Interesting story. Thanks for going through this
1:00
the inblock clip design was neither revolutionary nor superior.
it was already obsolete before the m-1 was approved for service.
multiple weapon systems had perfected the detachable magazines prior to the m-1.
the browning bar for example had reliable detachable box magazines in 1917.
years before the garand was introduced.
the smart thing to do would have been to adapt the m-1 to use bar mags.
They tried to use box mags for the Garand but had issues. I believe they were converted BAR mags.
@@oldrabidus2230
validating that it was obsolete the moment it was accepted.
too heavy, too long, too powerful, inferior loading system.
back to the drawing board.
John garand originally designed the garand with a mag in 1919. It was basically a m14/bm59 before m14 existed.
@@jason200912
then they should have stayed with it.
but they didn't.
The clip is easier to mass produce, cheaper, and lighter than a magazine. Where higher capacity isn't needed it absolutely is superior.
This was a good video. I knew a lot of this stuff vaguely but not in too much detail. Good job bro 👍🏼
In other words, the military was being the military and had to be dragged kicking and screaming into accepting a more modern weapon.
THE VIEW WE GOT HIM HA HA HA
"Corps" is pronounced "core" as in apple, not "corpse", as in ex-person. Just ask the Marines. (In military contexts, it's usually from French.)

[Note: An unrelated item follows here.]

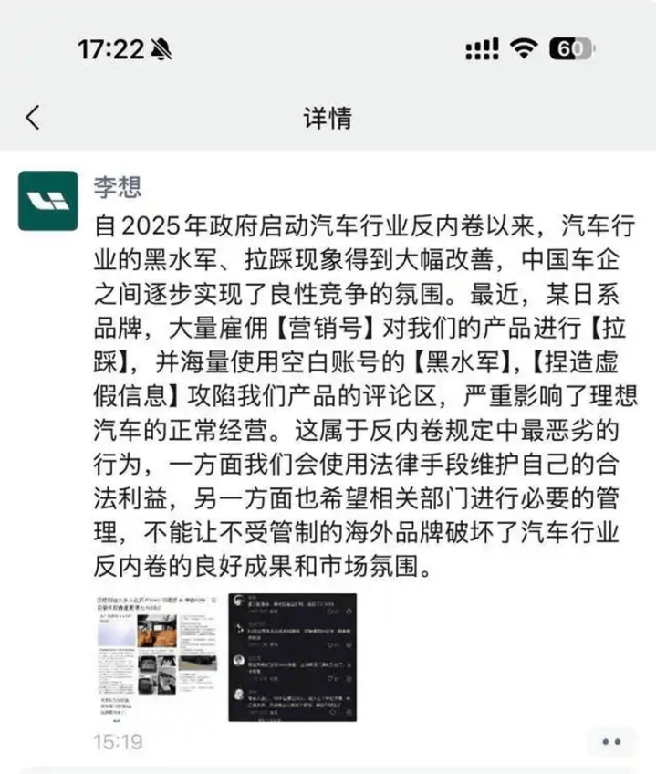 4月11日下昼,理思汽车创举东谈主李思一又友圈发文,某日系品牌大量雇佣“营销号”“黑水军”对理思的家具进行拉踩,严重影响理思汽车的平日策动,并叱咤“这属于反内卷章程中最恶劣的举止”。

So why don't they spell it "Marine Cor"??
Because it's a French word, that's the spelling and pronunciation.
While I really hate to support the Ordnance Board, they did actually have a fairly good reason for wanting to stick with a 30 caliber round. By the end of WWII, almost all of the ammunition we were manufacturing and delivering was M2 AP. The ordnance board did not believe that the smaller .260 Brit round could hold a large enough steel penetrator.
When shooting people, there is no question that the 30-06 is overpowered, and something like 6mm ARC or 6.5 Grendal might be optimal. But neither of those can shoot through 6" of concrete.
My first rifle was the M-14. Then they finally replaced them with the M-16 A1.